Like most parents, I live in fear of the day I have to explain PRETTY WOMAN to my daughter.
If my 5yo’s teacher can’t read the Thank You card he writes, that’s on her.
Basically.
“You’re going out with that boy again? He’s no good.”
“Relax, grandma.”
*furiously knits a condom*
“Grandma, that’s not how it works.”
[2000 years ago]
jesus: merry christmas
stranger: what?
jesus: just say it back i’m trying to start a thing
I’m just your average mom, trying to convince my kids that 4:45pm is indeed their bedtime, because I’ve had enough of their shit for one day
I will buy anything that is endorsed by a celebrity from the 70’s/80s. That’s why I have a reverse mortgage even though I live in an apartment.
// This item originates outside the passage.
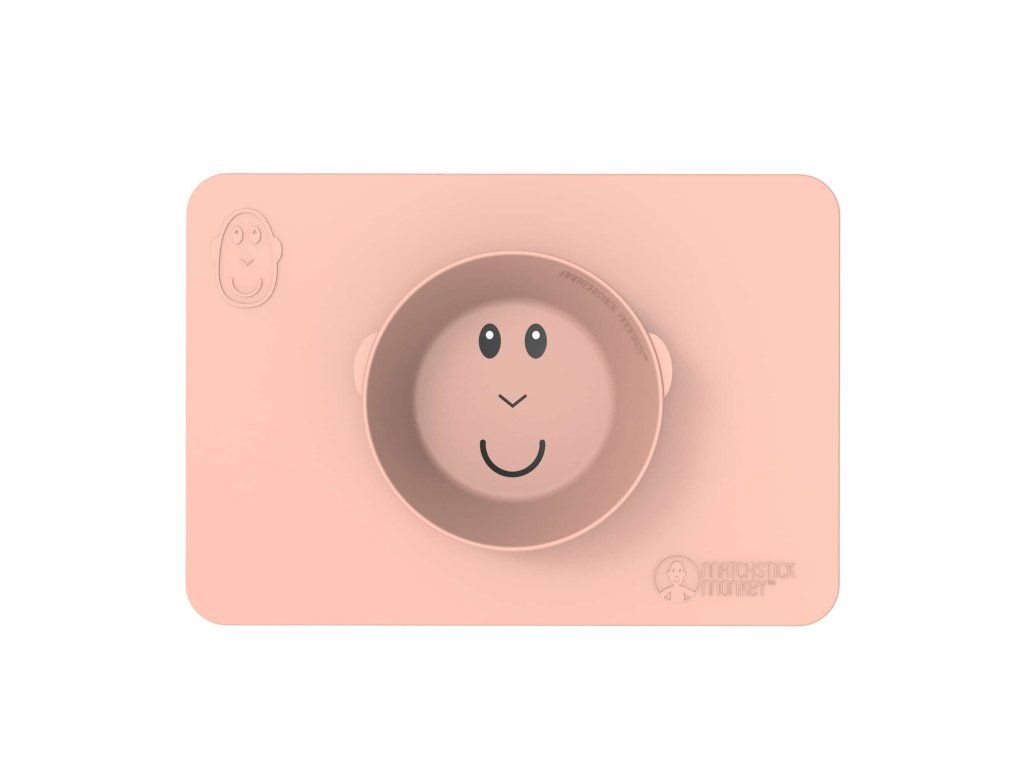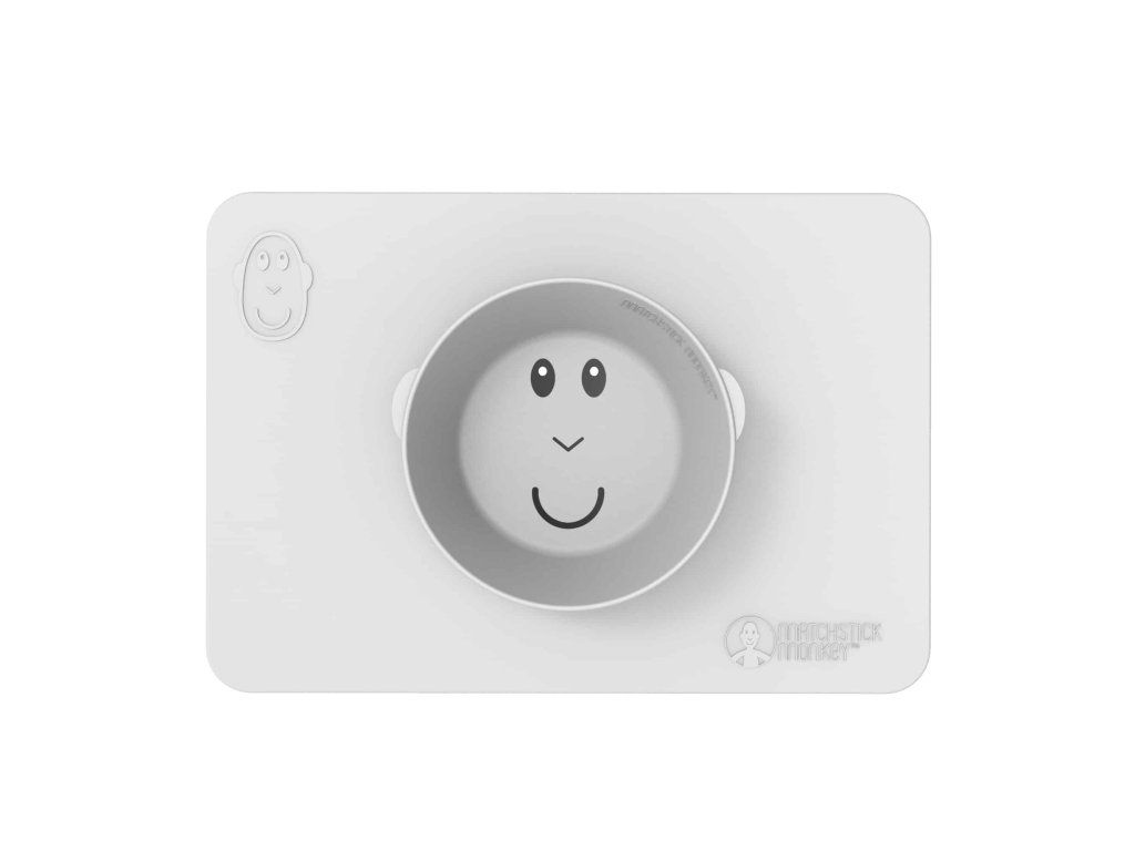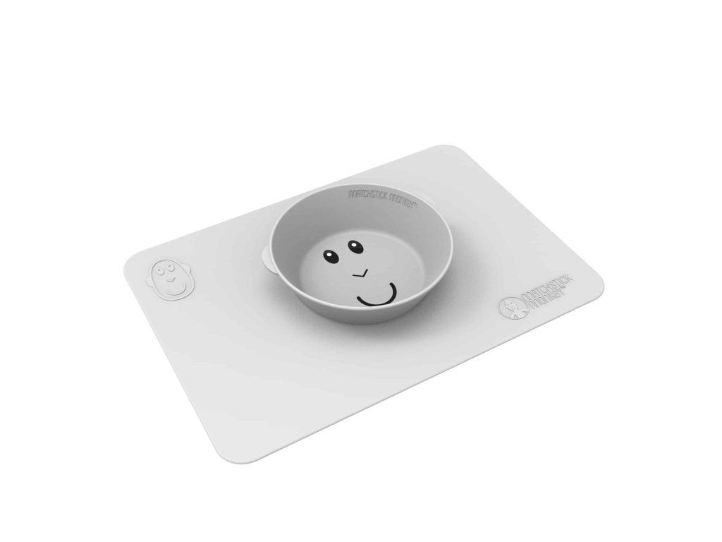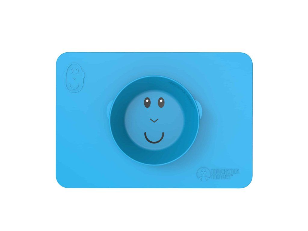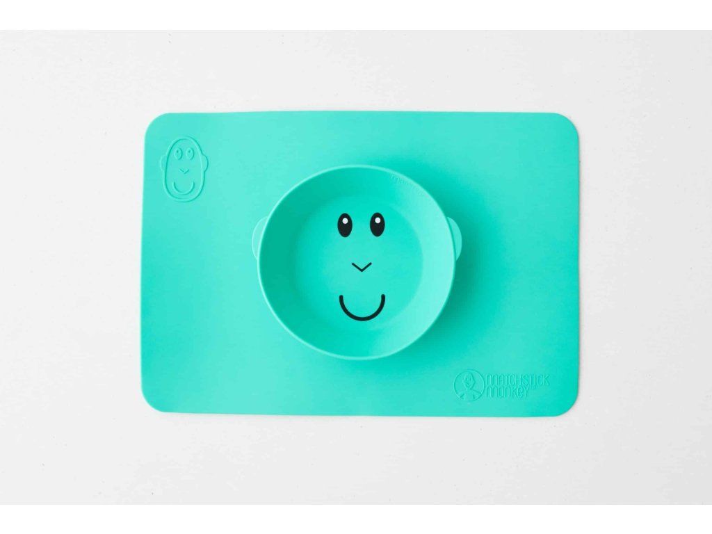 Protiskluzová podložka s integrovanou miskou Matchstick Monkey ve svěžích barvách a hravém designu je dokonalou pomůckou pro nepořádné jedlíky.

Overheard a baby crying in the grocery store the other day so I went over and joined him. I get it little dude, life is hard
There was a time I thought Radiohead was saying “I’m a creep, I’m a widow” and one day I heard someone sing the right word and well, only a freakin’ weirdo would think widow makes sense there, right.
A LOT of men have told me “if neither of us is married by the time we’re 40…” and let me tell you, I’m just over one year away from cashing in big time
If Kraft singles are so good then why are they still single?